DIRECTIONS — Reproduce exactly the lines of this material that begin at the line with "Po snídani a" and end at the line with "Découvrez le bracelet", both included. Omit the pictures and everything else.

GIVEN RECORDS —
=-=-=

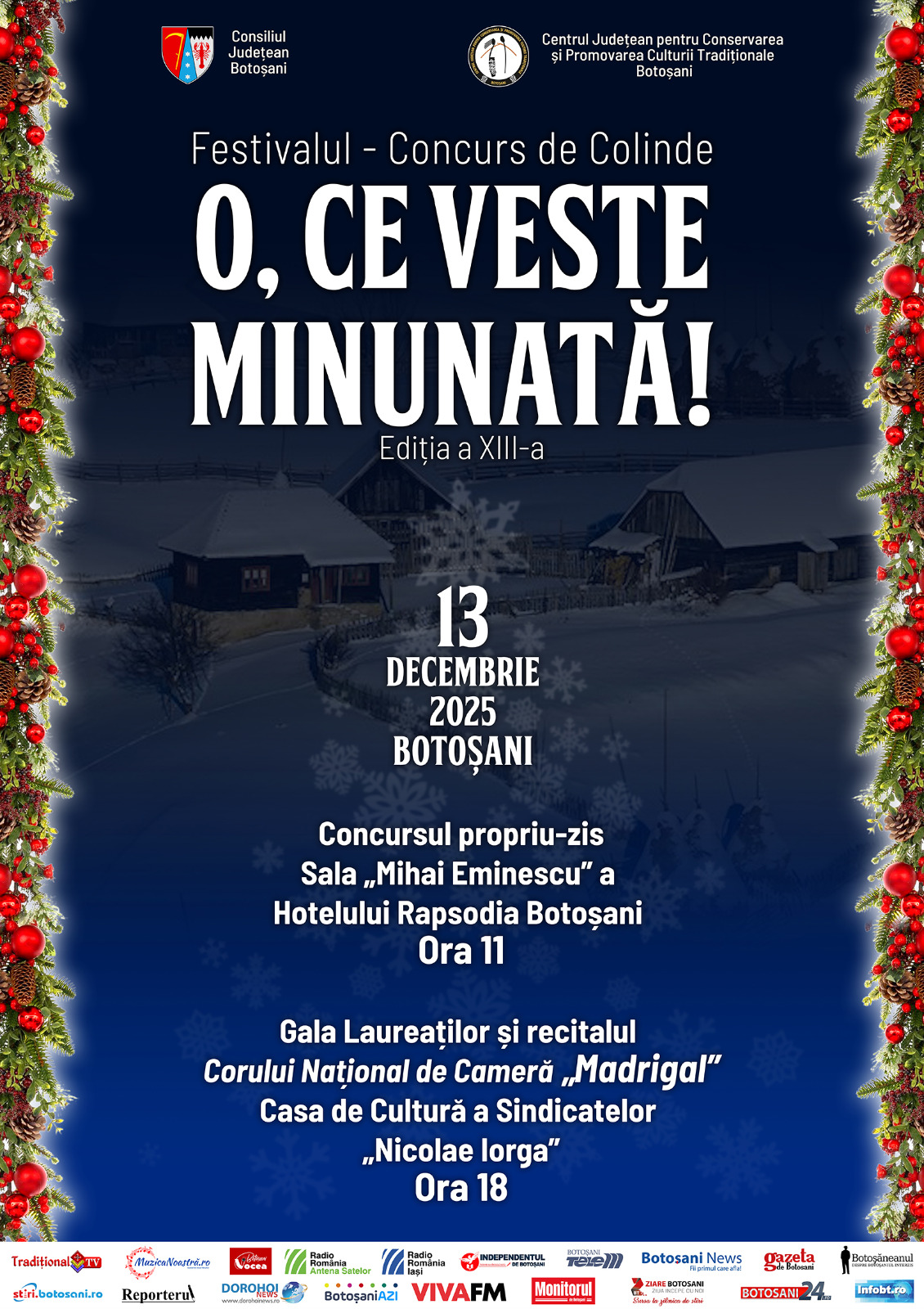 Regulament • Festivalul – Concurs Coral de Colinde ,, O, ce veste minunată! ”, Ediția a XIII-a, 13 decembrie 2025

=-=-=

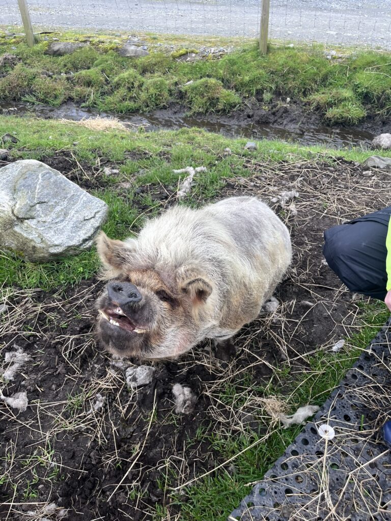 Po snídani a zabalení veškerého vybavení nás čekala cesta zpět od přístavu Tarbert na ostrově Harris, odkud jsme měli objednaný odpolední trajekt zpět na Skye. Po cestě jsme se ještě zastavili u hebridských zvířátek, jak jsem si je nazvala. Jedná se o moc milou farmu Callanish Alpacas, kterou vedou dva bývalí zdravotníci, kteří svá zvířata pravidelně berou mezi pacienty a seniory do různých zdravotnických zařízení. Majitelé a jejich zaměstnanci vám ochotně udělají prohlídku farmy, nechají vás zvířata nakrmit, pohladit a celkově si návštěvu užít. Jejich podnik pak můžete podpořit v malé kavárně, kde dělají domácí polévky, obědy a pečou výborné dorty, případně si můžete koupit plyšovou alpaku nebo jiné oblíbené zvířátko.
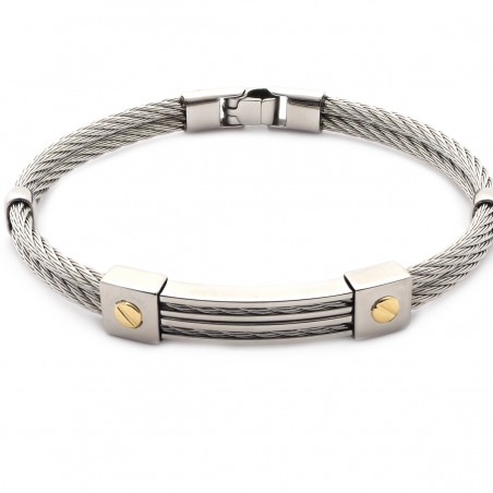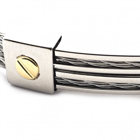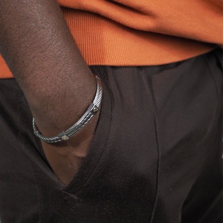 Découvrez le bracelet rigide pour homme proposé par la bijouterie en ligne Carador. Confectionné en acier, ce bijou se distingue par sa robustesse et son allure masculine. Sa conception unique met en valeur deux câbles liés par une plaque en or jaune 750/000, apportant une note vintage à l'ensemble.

=-=-=

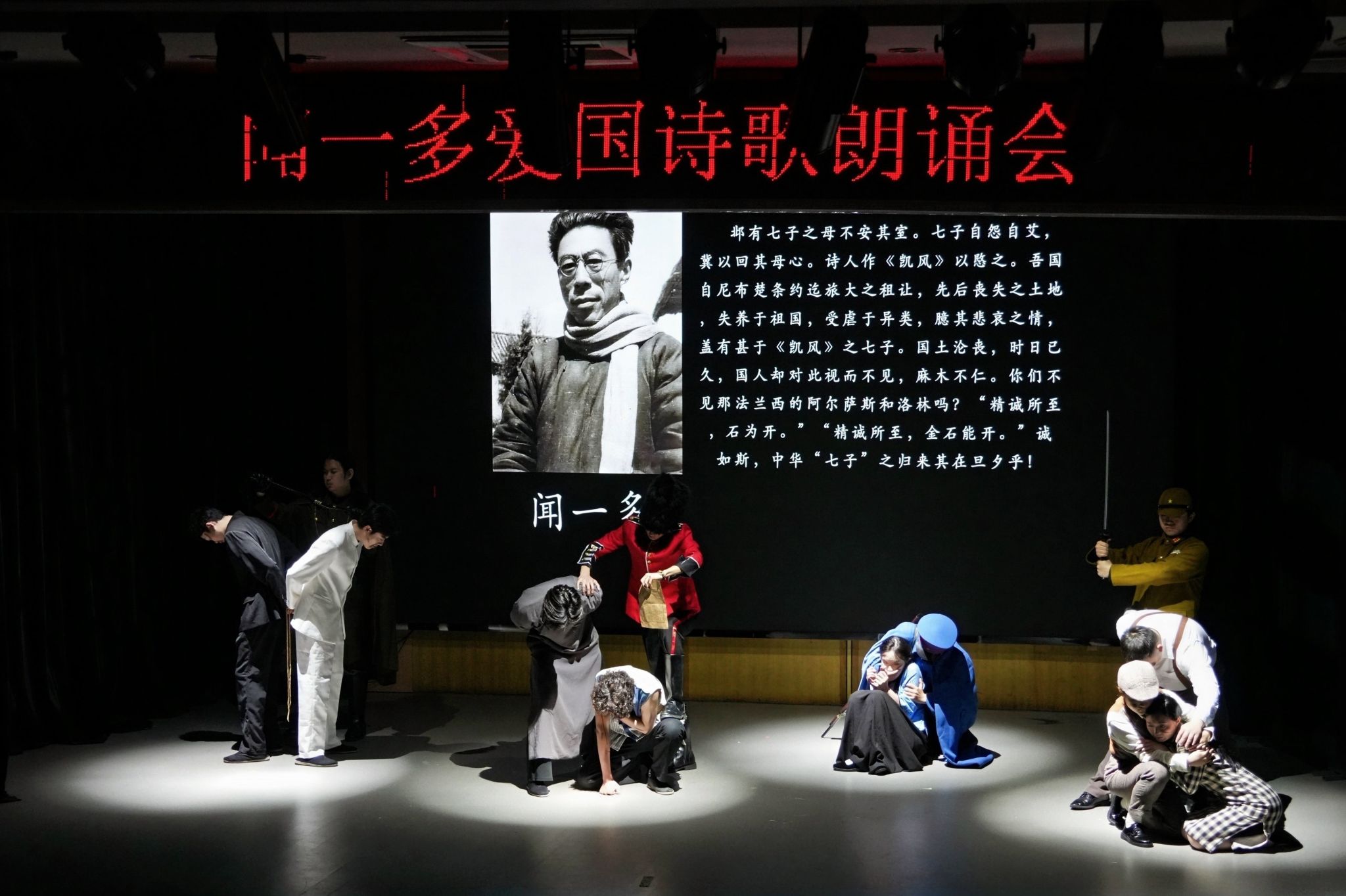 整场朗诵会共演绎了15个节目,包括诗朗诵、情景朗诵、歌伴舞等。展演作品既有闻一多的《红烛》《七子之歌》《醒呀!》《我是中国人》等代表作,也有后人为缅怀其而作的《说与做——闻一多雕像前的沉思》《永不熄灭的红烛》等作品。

=-=-=

YOUR RESPONSE —
 Po snídani a zabalení veškerého vybavení nás čekala cesta zpět od přístavu Tarbert na ostrově Harris, odkud jsme měli objednaný odpolední trajekt zpět na Skye. Po cestě jsme se ještě zastavili u hebridských zvířátek, jak jsem si je nazvala. Jedná se o moc milou farmu Callanish Alpacas, kterou vedou dva bývalí zdravotníci, kteří svá zvířata pravidelně berou mezi pacienty a seniory do různých zdravotnických zařízení. Majitelé a jejich zaměstnanci vám ochotně udělají prohlídku farmy, nechají vás zvířata nakrmit, pohladit a celkově si návštěvu užít. Jejich podnik pak můžete podpořit v malé kavárně, kde dělají domácí polévky, obědy a pečou výborné dorty, případně si můžete koupit plyšovou alpaku nebo jiné oblíbené zvířátko.
 Découvrez le bracelet rigide pour homme proposé par la bijouterie en ligne Carador. Confectionné en acier, ce bijou se distingue par sa robustesse et son allure masculine. Sa conception unique met en valeur deux câbles liés par une plaque en or jaune 750/000, apportant une note vintage à l'ensemble.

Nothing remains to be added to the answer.